··· DATASET ENTRIES ···

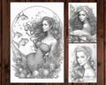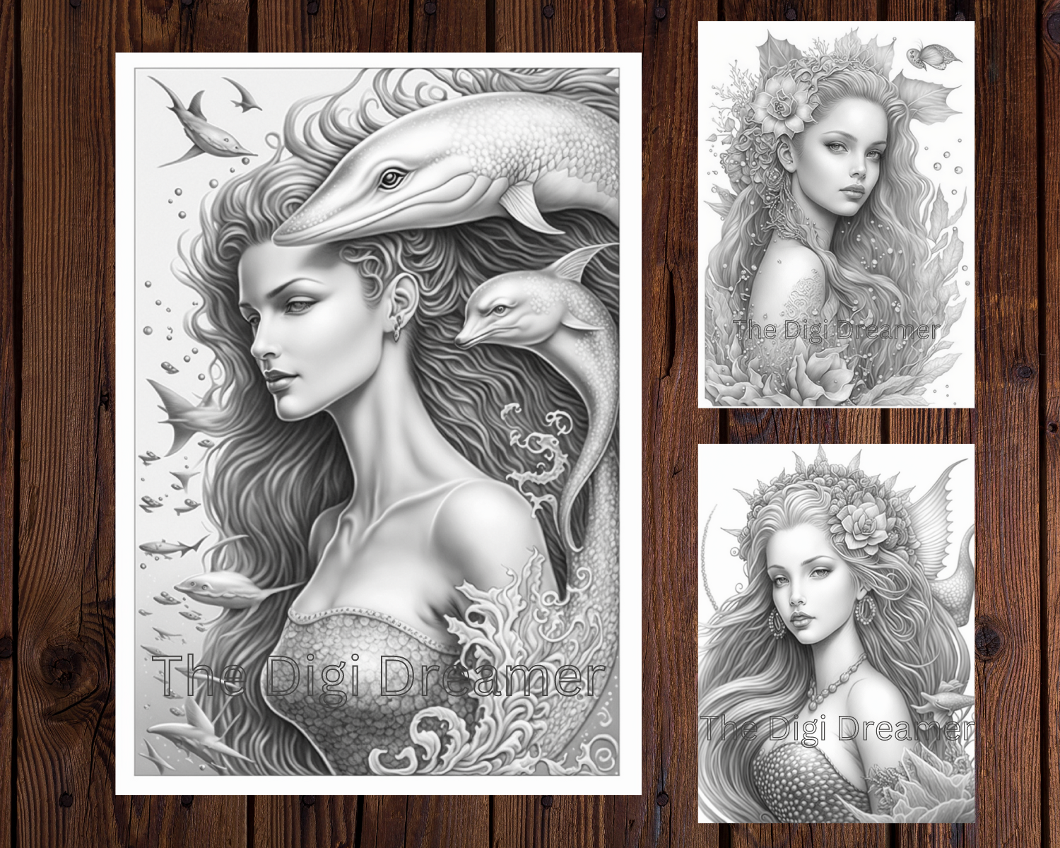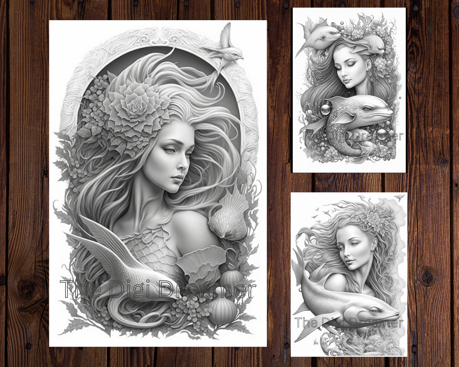 Enchanting Fantasy Mermaids Grayscale Printable Coloring Pages for Adults
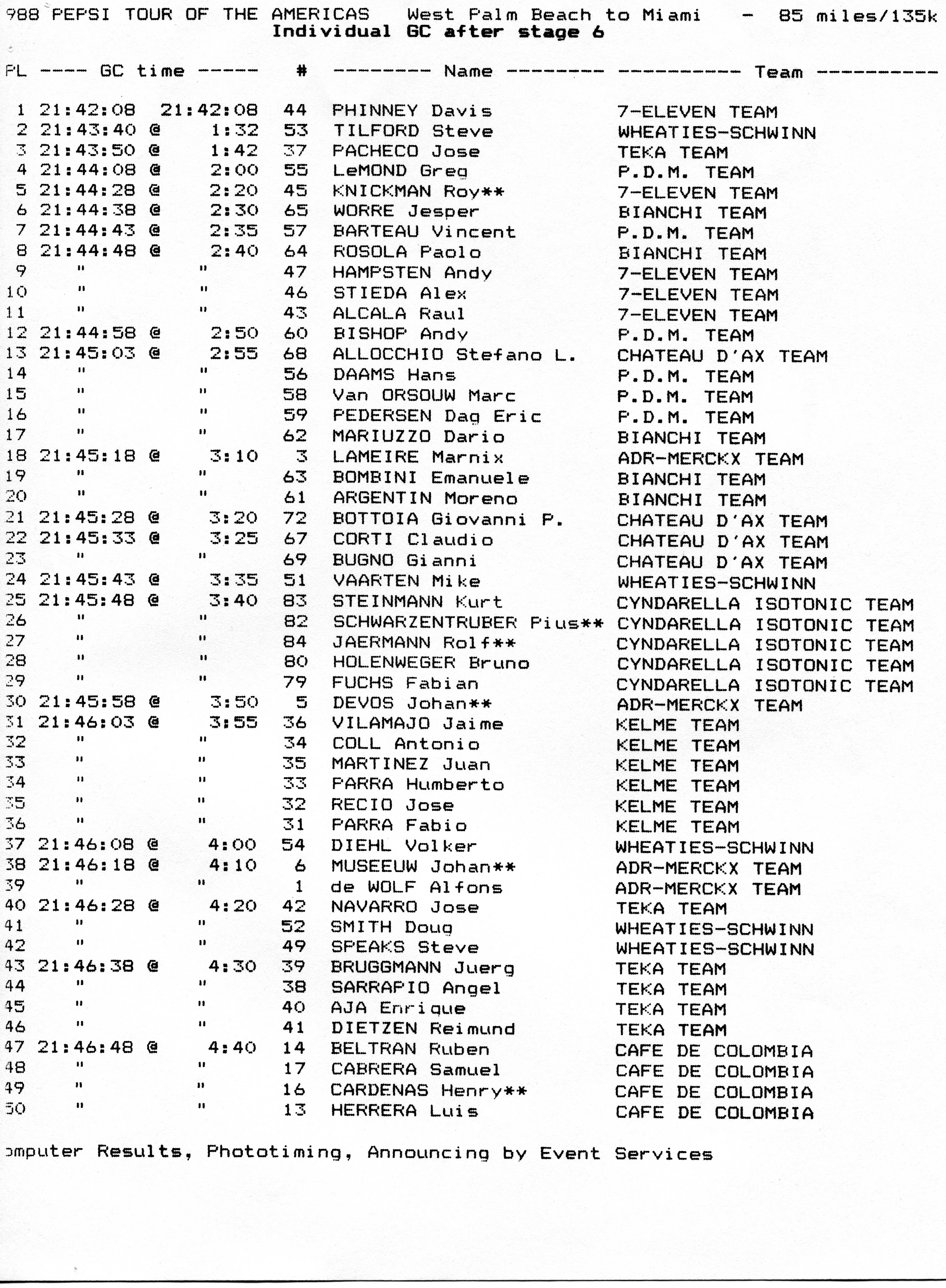A few days later I was on the beach, thinking over the race and I got back to the time bonus sprint and Vincent wigging out when he got beat. It didn’t make sense. So, I went back and looked at the results and there it was. If Vincent would have won the mid race sprint there and got the 5 second bonus, he would have moved up and tied Worre on time. And beat him on GC since he had better stage finishes. If he would have been 6th, moving Worre back to 7th, then that would have been more than the 50 point difference to make LeMond win the Overall series. It was nuts. No one saw it. Bianchi never paid attention to it during the race. The journalists never wrote a word about it. Nothing.
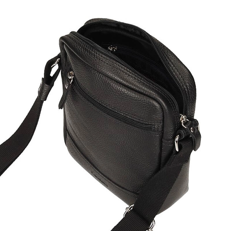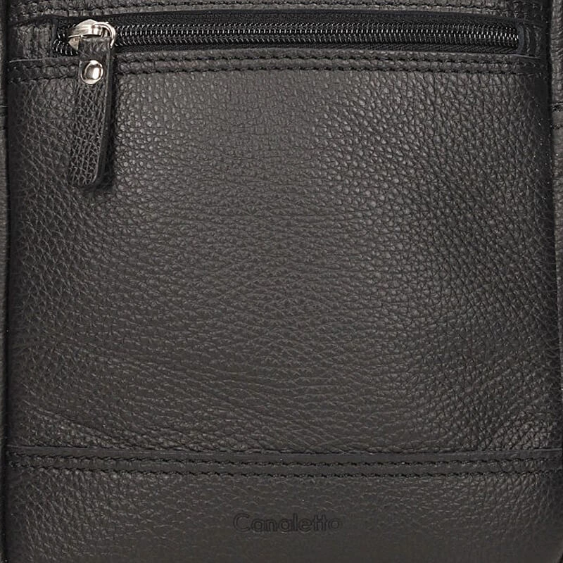 Znana i renomowana marka Canaletto przedstawia nam męską torebkę. Model ten został wykonany z skóry naturalnej w odcieniu czerni. Wyposażona w jedną dużą komorę, w której występuje mała przegroda oraz kieszeń zapinana na zamek na małe drobiazgi. Na przodzie torebki znajduje się kieszonka wyposażona w zamek. Na tyle fasonu jest jedna kieszonka, którą też się zapina na zamek. Model posiada również jeden długi pasek który jest regulowany.
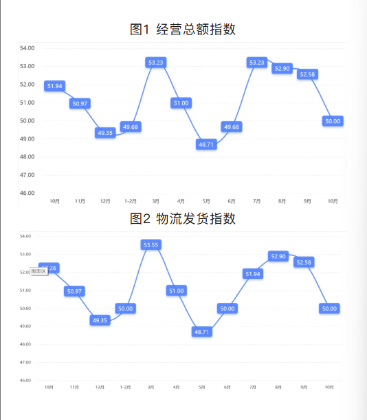 10月,经营总额下降的市场占比12.90%,较上期上升12.90个百分点;物流发货量下降的市场占比12.90%,较上期上升12.90个百分点。两项指数虽然下滑,但仍然高于50,市场经营业绩整体保持稳定向好。
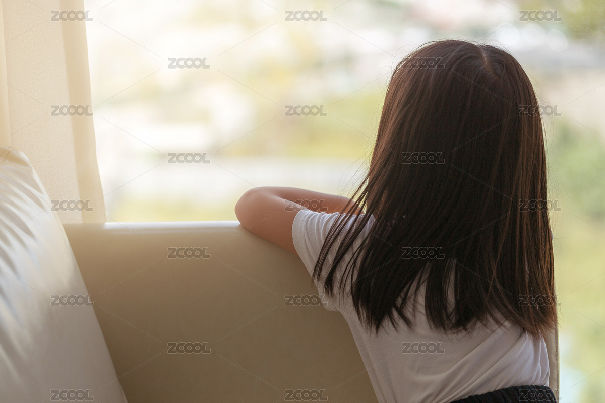 趴在沙发上看着窗外的小女孩背影
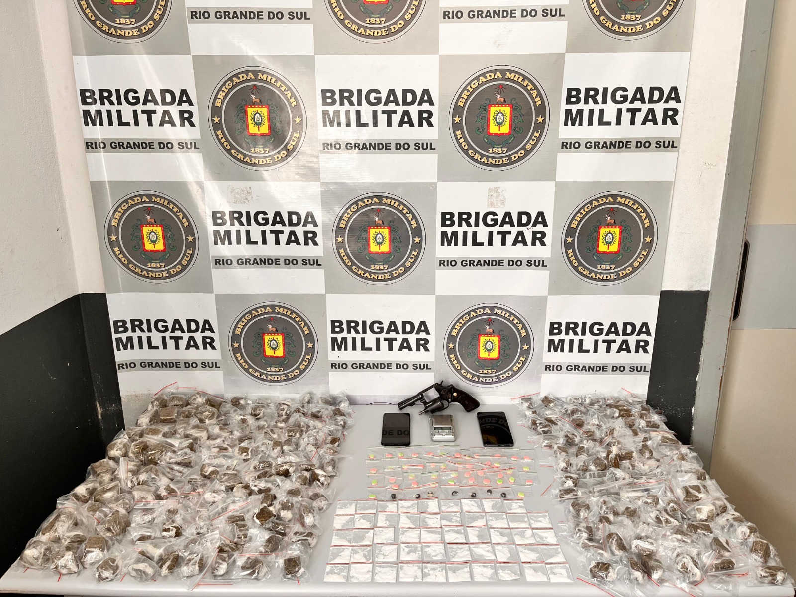 Durante a ocorrência, foram apreendidos 4,1 quilos de maconha, além de cocaína, ecstasy e haxixe. Os policiais também localizaram um revólver calibre 38 com numeração suprimida, uma balança de precisão e dois telefones celulares.
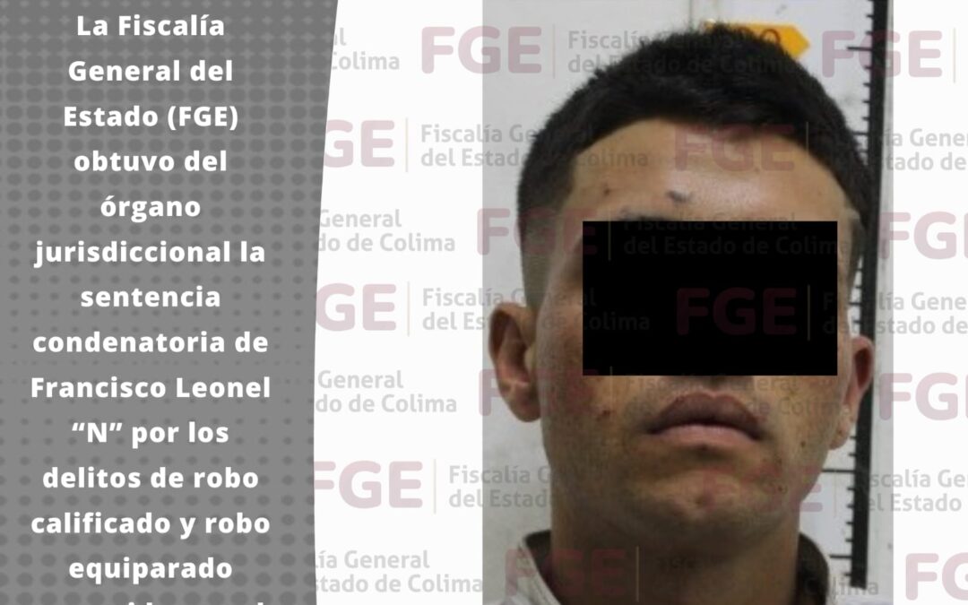 La Fiscalía General del Estado (FGE) obtuvo del órgano jurisdiccional la sentencia condenatoria de Francisco Leonel “N” por los delitos de robo calificado y robo equiparado cometidos en el municipio de Manzanillo.
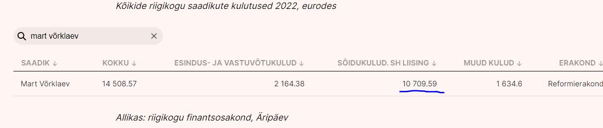 ...Võrklaeva mõtet jätkates, kui inimene töötab riigikogus, siis peaks ta olema piisavalt jõukas, et enda auto eest ise maksta.
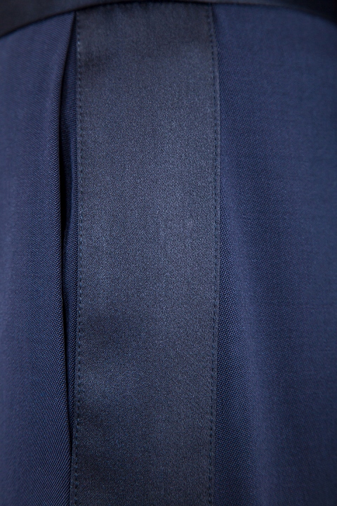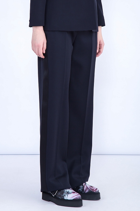 Широкие брюки из шерсти с отделкой деталей атласной тканью
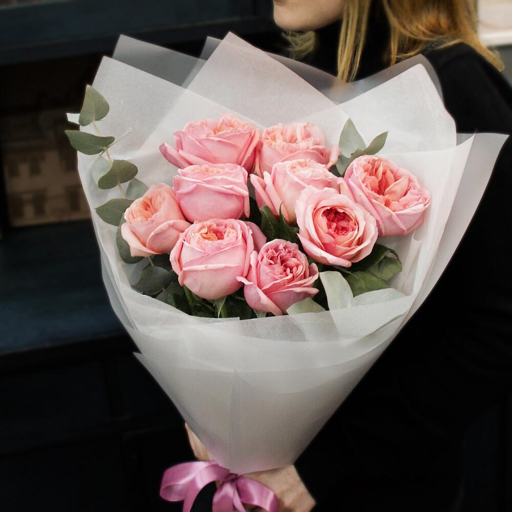 9 розовых пионовидных роз с эвкалиптом

···

EXERCISE DETAILS
Line by line, write out the material above exactly, with no images.

RESULT
 Enchanting Fantasy Mermaids Grayscale Printable Coloring Pages for Adults
A few days later I was on the beach, thinking over the race and I got back to the time bonus sprint and Vincent wigging out when he got beat. It didn’t make sense. So, I went back and looked at the results and there it was. If Vincent would have won the mid race sprint there and got the 5 second bonus, he would have moved up and tied Worre on time. And beat him on GC since he had better stage finishes. If he would have been 6th, moving Worre back to 7th, then that would have been more than the 50 point difference to make LeMond win the Overall series. It was nuts. No one saw it. Bianchi never paid attention to it during the race. The journalists never wrote a word about it. Nothing.
 Znana i renomowana marka Canaletto przedstawia nam męską torebkę. Model ten został wykonany z skóry naturalnej w odcieniu czerni. Wyposażona w jedną dużą komorę, w której występuje mała przegroda oraz kieszeń zapinana na zamek na małe drobiazgi. Na przodzie torebki znajduje się kieszonka wyposażona w zamek. Na tyle fasonu jest jedna kieszonka, którą też się zapina na zamek. Model posiada również jeden długi pasek który jest regulowany.
 10月,经营总额下降的市场占比12.90%,较上期上升12.90个百分点;物流发货量下降的市场占比12.90%,较上期上升12.90个百分点。两项指数虽然下滑,但仍然高于50,市场经营业绩整体保持稳定向好。
 趴在沙发上看着窗外的小女孩背影
 Durante a ocorrência, foram apreendidos 4,1 quilos de maconha, além de cocaína, ecstasy e haxixe. Os policiais também localizaram um revólver calibre 38 com numeração suprimida, uma balança de precisão e dois telefones celulares.
 La Fiscalía General del Estado (FGE) obtuvo del órgano jurisdiccional la sentencia condenatoria de Francisco Leonel “N” por los delitos de robo calificado y robo equiparado cometidos en el municipio de Manzanillo.
 ...Võrklaeva mõtet jätkates, kui inimene töötab riigikogus, siis peaks ta olema piisavalt jõukas, et enda auto eest ise maksta.
 Широкие брюки из шерсти с отделкой деталей атласной тканью
 9 розовых пионовидных роз с эвкалиптом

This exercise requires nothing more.